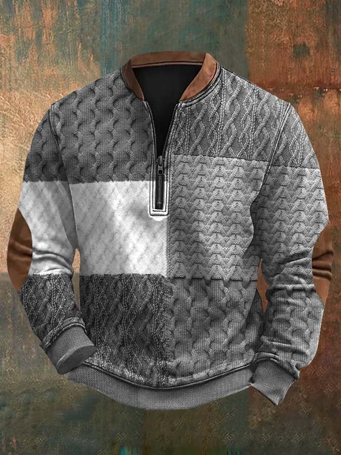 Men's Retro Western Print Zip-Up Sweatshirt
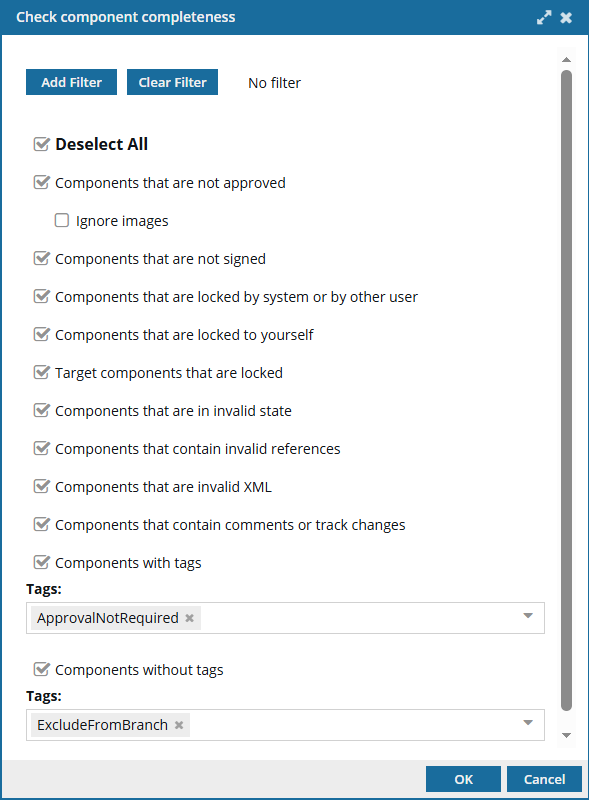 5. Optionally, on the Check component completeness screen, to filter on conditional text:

* * *

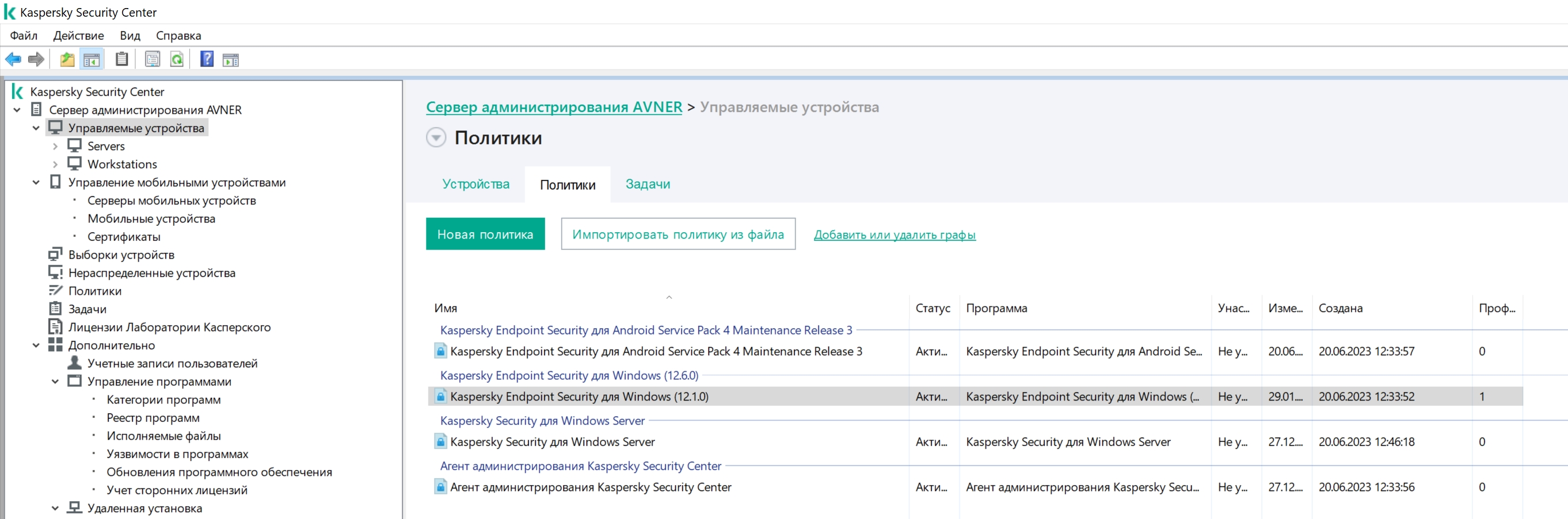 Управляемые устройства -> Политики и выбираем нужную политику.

==

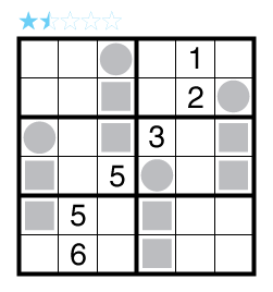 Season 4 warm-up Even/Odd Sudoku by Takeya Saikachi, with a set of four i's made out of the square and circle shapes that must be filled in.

**WORK TO BE COMPLETED:** Quote the lines above exactly, starting with the one that has "Men's Retro Western Print Zip-Up Sweatshirt" and ending with the one that has "5. Optionally, on"; drop the pictures and include nothing else.

**EXERCISE OUTPUT:**
 Men's Retro Western Print Zip-Up Sweatshirt
 5. Optionally, on the Check component completeness screen, to filter on conditional text:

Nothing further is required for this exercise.